Peter Leppard, an historian who has carried out a significant body of research on the history of the silver tickets said: “This is very exciting as we now know of the existence of twenty silver tickets and at long last one of the two ‘bearer’ tickets which were last recorded in use in 1835.  Any one of these tickets is a tangible link with someone who in 1766 contributed to building our theatre.  Geraldine's donation really does fill important gaps in our knowledge of the history of the theatre.”
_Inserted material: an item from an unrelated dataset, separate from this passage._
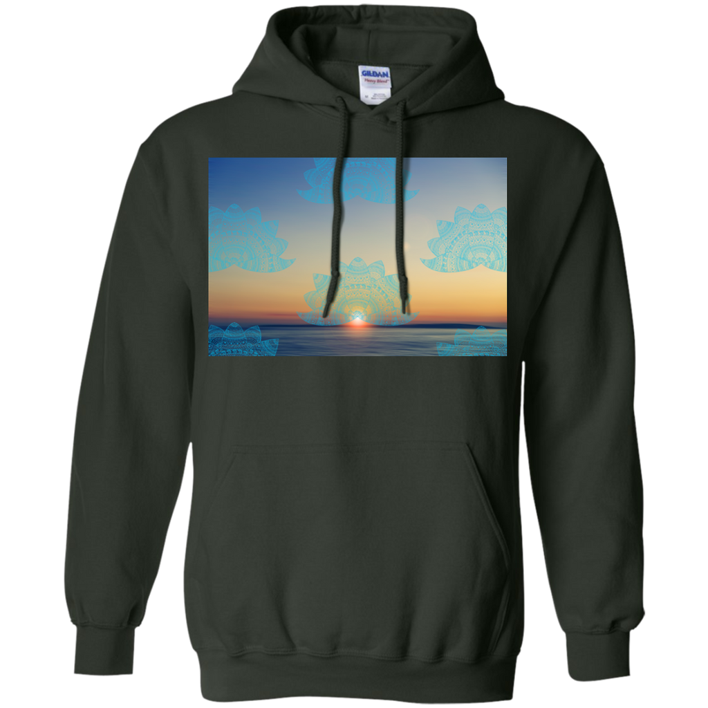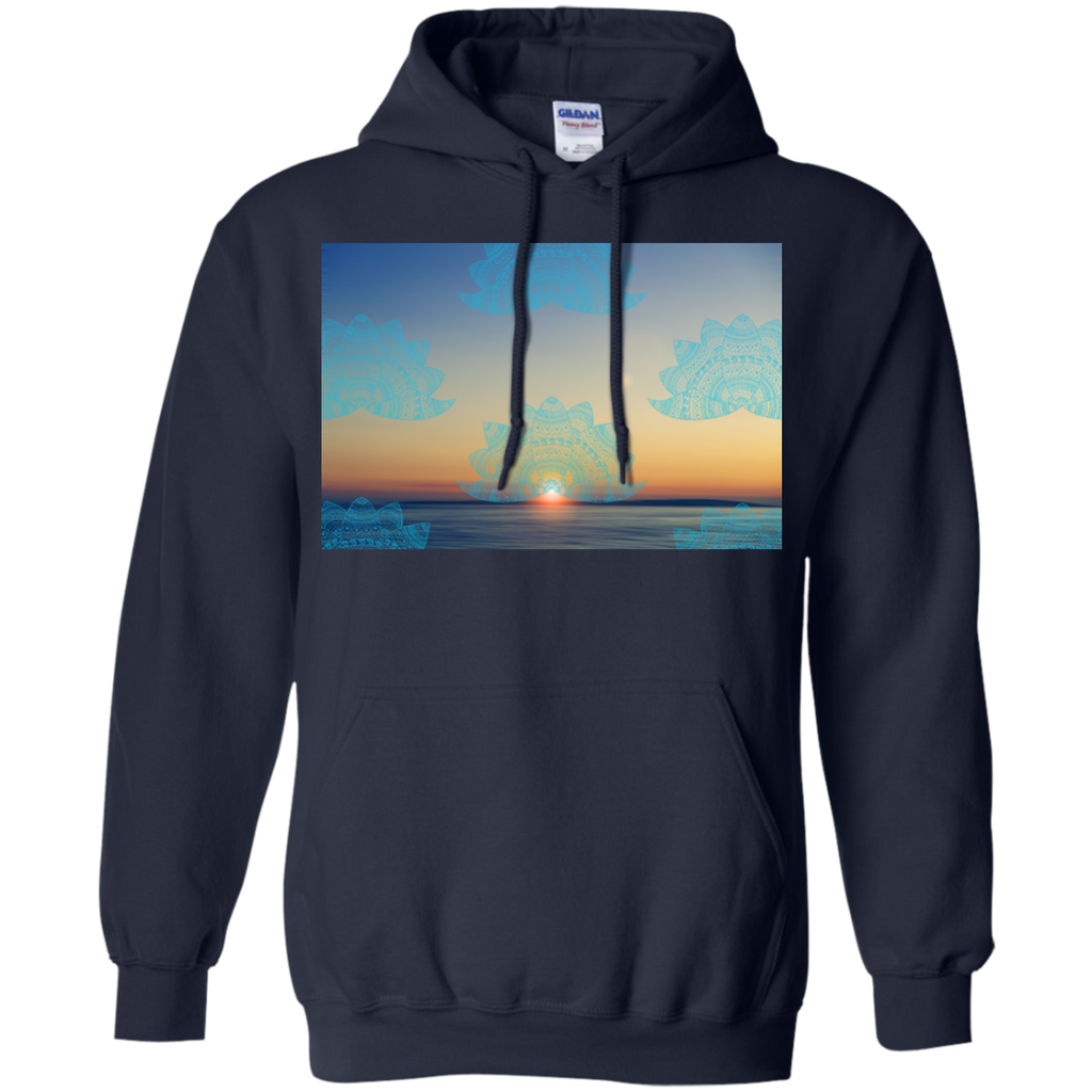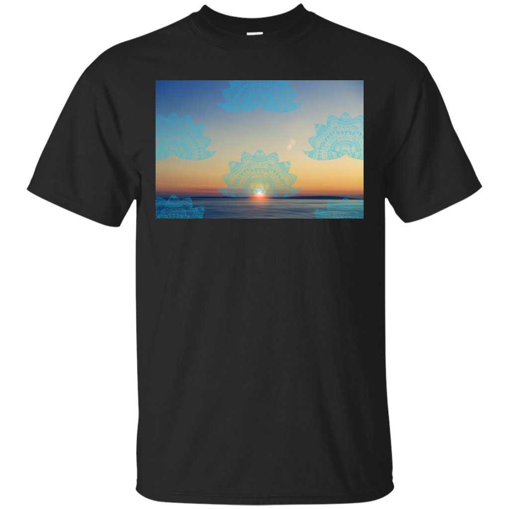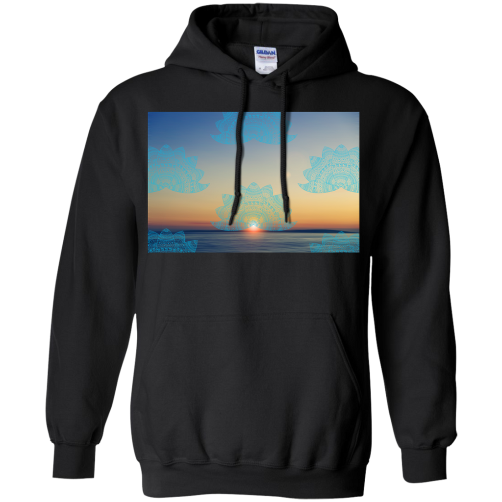 Yoga - Teal lotus doodle mandala on blurred sunset with sun flare T Shirt & Hoodie

Geraldine Menez said: “I am giving the collection of silver tickets to the Theatre Collection in happy memory of ‘the Gods’.  My ancestors are like gods to me, as were the actors I beheld and listened to in awe at the Theatre Royal when I was younger on the frequent occasions I sat somewhere up in the dizzy heights just beneath the theatre ceiling on those hard, narrow wooden benches!”

 Jo Elsworth, Director of the University of Bristol Theatre Collection, said: “We are delighted that such an important piece of Bristol’s theatrical history has returned to its home city, thanks to Geraldine’s most generous donation.”

Geraldine’s gift comes as the Bristol Old Vic team gears up its fundraising efforts in order to complete the major redevelopment of the theatre which it aims to start during its 250th anniversary next year.

Tom Morris, Bristol Old Vic Artistic Director, says: “Meeting Geraldine, with her strong personal connections with and affection for the theatre really brings home the incredible history of the Bristol Old Vic.  It has survived for nearly 250 years due to the commitment of its supporters and by adapting to changes in society and we are working hard to raise the funding we still need to make it fit for a new era in its illustrious history.”

Further information

About the University of Bristol Theatre Collection

The Theatre Collection is one of the world’s largest archives of British theatre history and Live Art and is an accredited museum and international research facility open to all.  Founded in 1951 to serve the first UK university drama department, its collections cover the period from 1572 to the twenty-first century and its visitors include everyone from international scholars to family historians.  

Since 1951, the Theatre Collection has expanded to become a fully accredited museum and theatrical research centre.  It also continues to serve its original purpose as a research resource for members of the University of Bristol and the Bristol community.